About this task> From the first line of the data through the line containing "Pour le bracelet, ouvrez", transcribe each line exactly. Pictures do not belong in the copy.
Records to use START
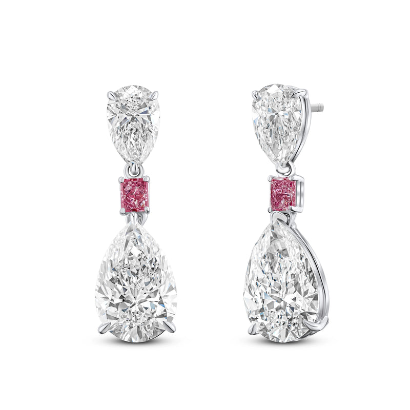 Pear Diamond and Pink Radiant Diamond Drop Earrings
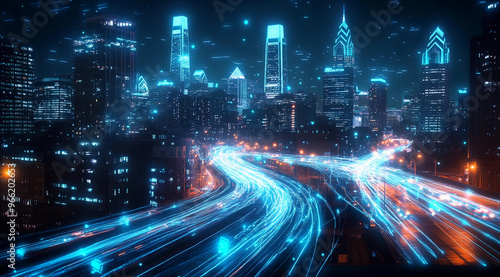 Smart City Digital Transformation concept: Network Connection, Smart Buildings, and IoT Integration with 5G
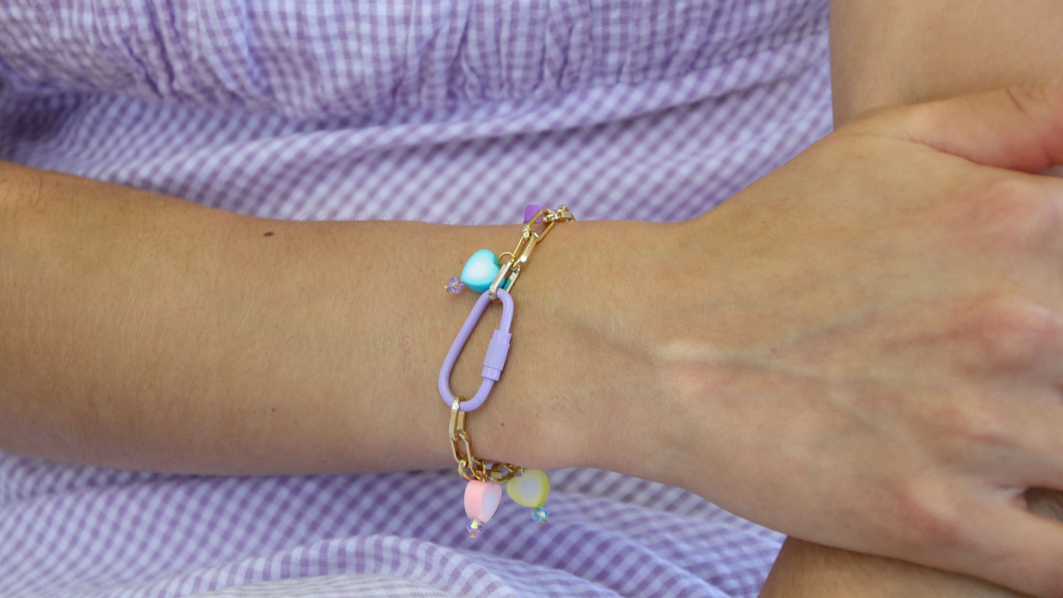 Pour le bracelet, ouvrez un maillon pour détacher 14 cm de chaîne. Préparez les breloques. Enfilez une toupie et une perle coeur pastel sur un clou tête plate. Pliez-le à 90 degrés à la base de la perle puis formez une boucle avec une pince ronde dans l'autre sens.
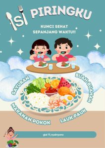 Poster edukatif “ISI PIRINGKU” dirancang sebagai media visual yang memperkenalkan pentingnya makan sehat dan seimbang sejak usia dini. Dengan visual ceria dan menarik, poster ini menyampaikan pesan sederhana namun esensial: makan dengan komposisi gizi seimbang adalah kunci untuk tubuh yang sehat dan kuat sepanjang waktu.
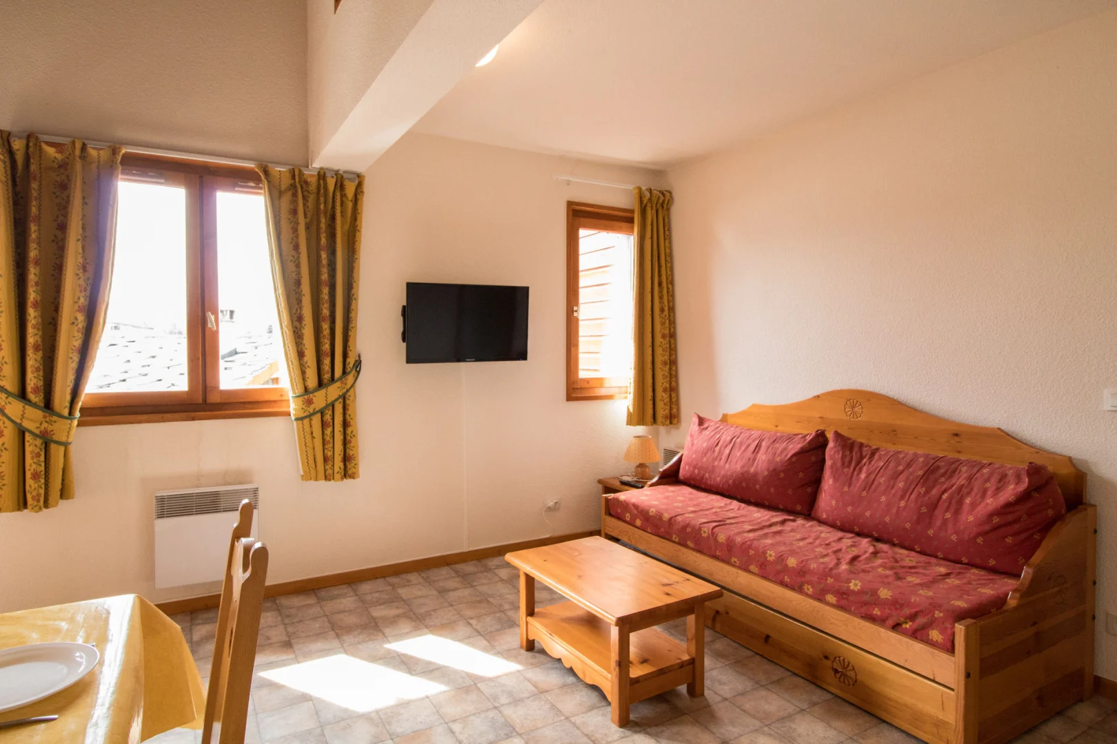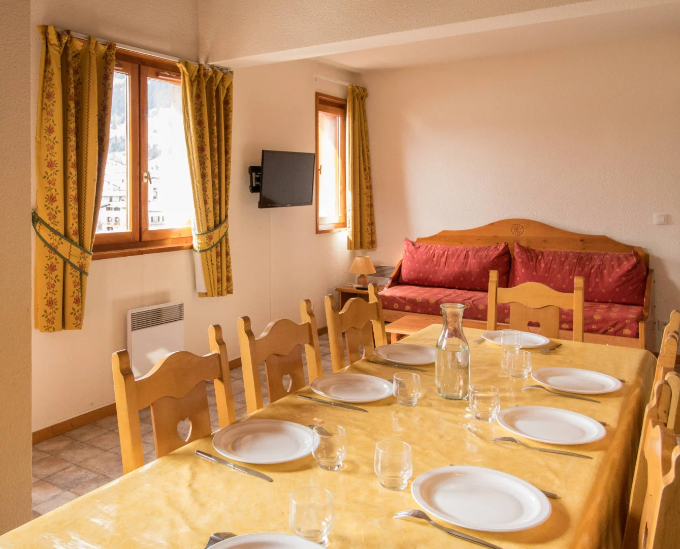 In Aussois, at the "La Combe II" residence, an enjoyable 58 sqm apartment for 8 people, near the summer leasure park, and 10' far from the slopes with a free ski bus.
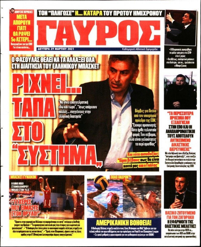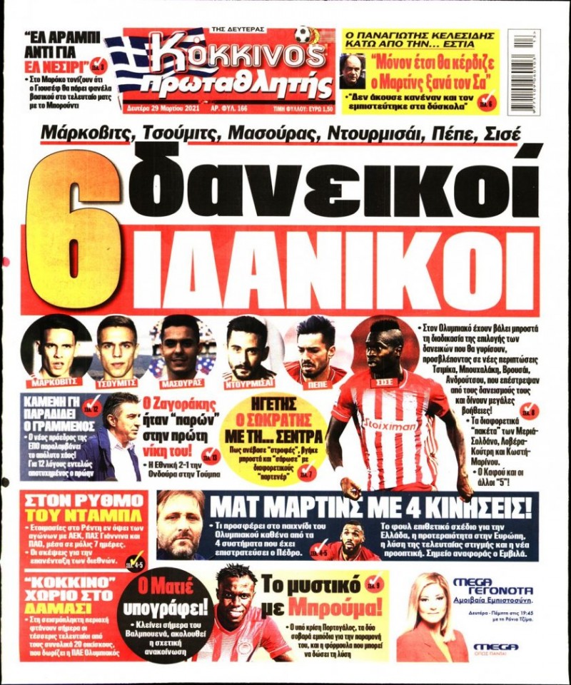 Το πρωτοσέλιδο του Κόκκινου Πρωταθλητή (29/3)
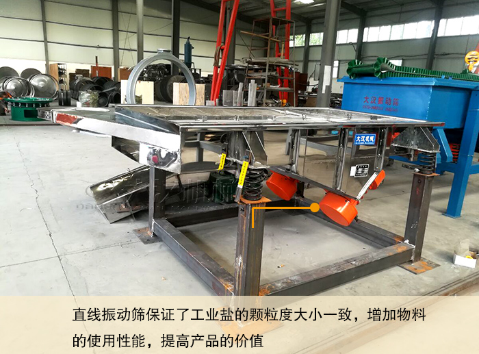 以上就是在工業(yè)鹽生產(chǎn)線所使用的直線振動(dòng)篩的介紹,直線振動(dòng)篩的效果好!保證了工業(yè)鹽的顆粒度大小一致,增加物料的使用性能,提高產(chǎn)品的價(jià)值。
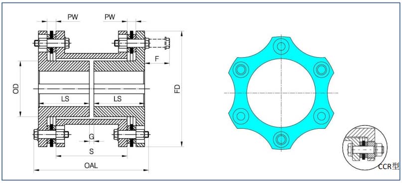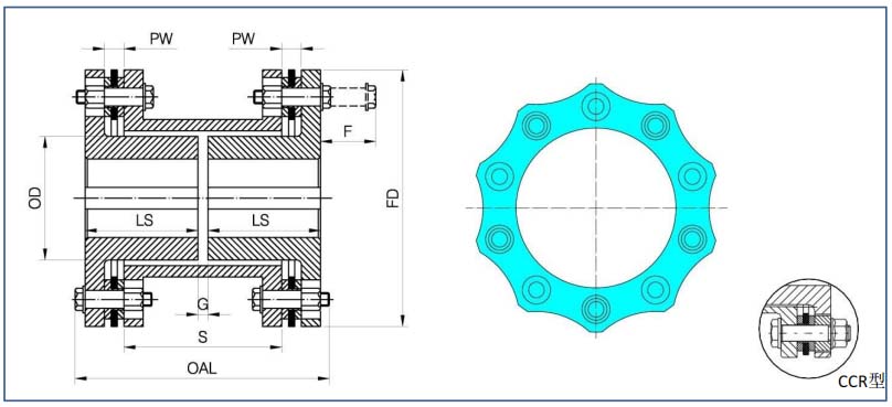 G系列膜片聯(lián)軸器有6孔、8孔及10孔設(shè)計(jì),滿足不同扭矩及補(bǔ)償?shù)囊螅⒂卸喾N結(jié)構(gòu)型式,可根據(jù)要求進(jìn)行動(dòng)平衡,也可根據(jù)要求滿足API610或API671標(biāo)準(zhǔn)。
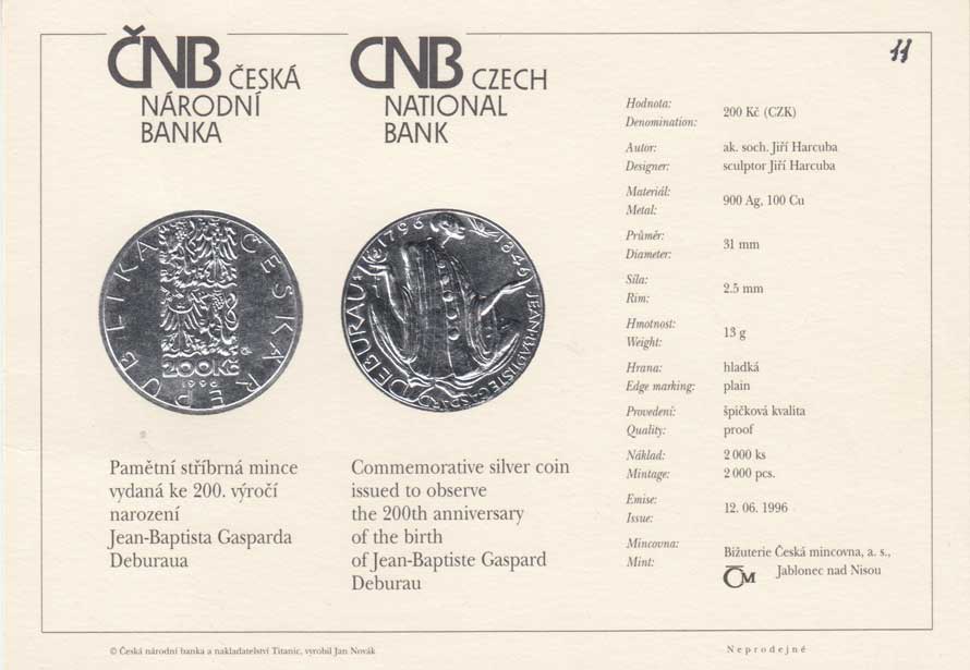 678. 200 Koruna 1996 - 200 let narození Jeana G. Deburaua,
Records to use END
Solution for this problem>
 Pear Diamond and Pink Radiant Diamond Drop Earrings
 Smart City Digital Transformation concept: Network Connection, Smart Buildings, and IoT Integration with 5G
 Pour le bracelet, ouvrez un maillon pour détacher 14 cm de chaîne. Préparez les breloques. Enfilez une toupie et une perle coeur pastel sur un clou tête plate. Pliez-le à 90 degrés à la base de la perle puis formez une boucle avec une pince ronde dans l'autre sens.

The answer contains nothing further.